Although the data below contains pictures, output only the lines between those holding "Produktbeschreibung KX-E Nabe" and "StemDiameter (Ds) |", inclusive, exactly and without those pictures.

[TASK DATA — start]

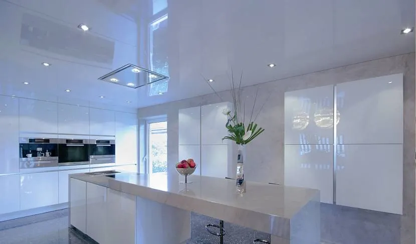 Наиболее распространенным решением в ремонте является применение натяжного потолка с глянцем из пленки ПВХ. Также есть специальные краски с фактурой, отражающей свет.
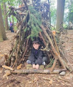 They’ve had a wonderful day living life as Stone Age people – dressing up, exploring fascinating Stone Age objects, building dens from wood and leaves, and even making our own Stone Age tools!
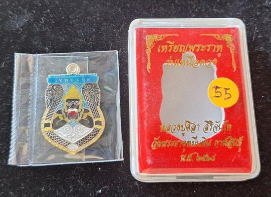 เหรียญพระราหูอมจันทร์ หลวงปู่มหาศิลา เมตตาอธิษฐานจิต รุ่นเหนือดวง เนื้ออัลปาก้าลงยา เลขเบิ้ล No.55 |
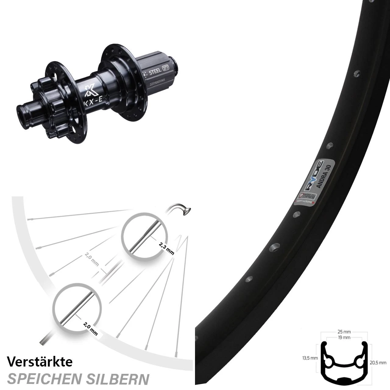 Produktbeschreibung KX-E Nabe schwarz 12×142 mm 6-Loch 11-fach Ryde Andra 30 Disc Hinteres Rad 28-29 Zoll
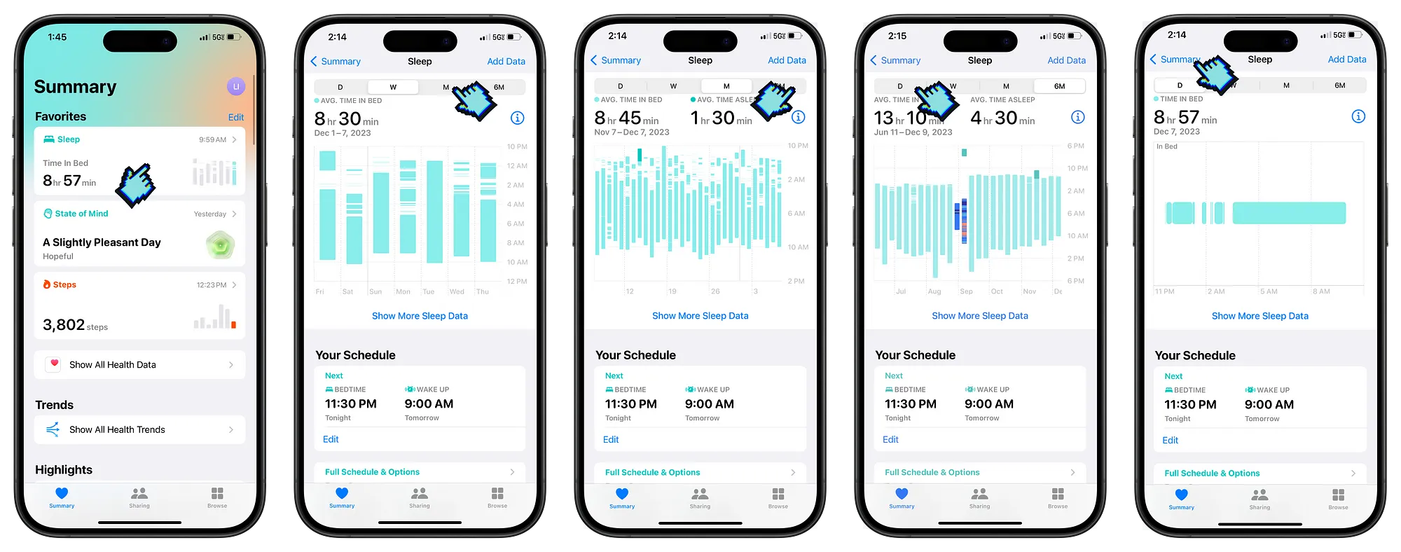 Here’s the initial experience when you open the Apple Health application. The first screen displays a summary of your health data, showcasing information you manually inputted or automatically gathered from your phone. You can click “Show All Health Data” to explore various metrics or choose “Show Health Trends” at the bottom. The navigation bar lets you view health stats, share data, or explore reblogs and third-party applications. For my iteration, I decided I’ll focus on the starting dashboard and the sleep metric.
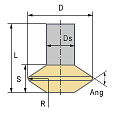 | Undercut Rounded Chamfer Mill: OverallLength (L) Diameter (D) WorkingLength (WL) Height (S) Angle (Ang) Radius (R) StemDiameter (Ds) |
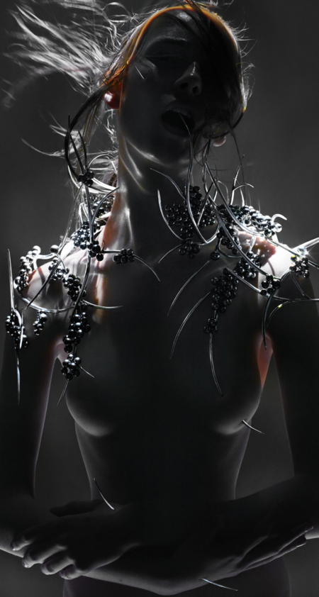 В проектах с McQueen тело приобретает трагическую и аморфную природу. Найт усиливает драматизм этих образов за счёт ракурсов, контрастов, преувеличений, добиваясь того, что мода становится эмоциональным жестом, а фотография актом переживания.

[TASK DATA — finish]

- RESPONSE TO THIS TASK
 Produktbeschreibung KX-E Nabe schwarz 12×142 mm 6-Loch 11-fach Ryde Andra 30 Disc Hinteres Rad 28-29 Zoll
 Here’s the initial experience when you open the Apple Health application. The first screen displays a summary of your health data, showcasing information you manually inputted or automatically gathered from your phone. You can click “Show All Health Data” to explore various metrics or choose “Show Health Trends” at the bottom. The navigation bar lets you view health stats, share data, or explore reblogs and third-party applications. For my iteration, I decided I’ll focus on the starting dashboard and the sleep metric.
 | Undercut Rounded Chamfer Mill: OverallLength (L) Diameter (D) WorkingLength (WL) Height (S) Angle (Ang) Radius (R) StemDiameter (Ds) |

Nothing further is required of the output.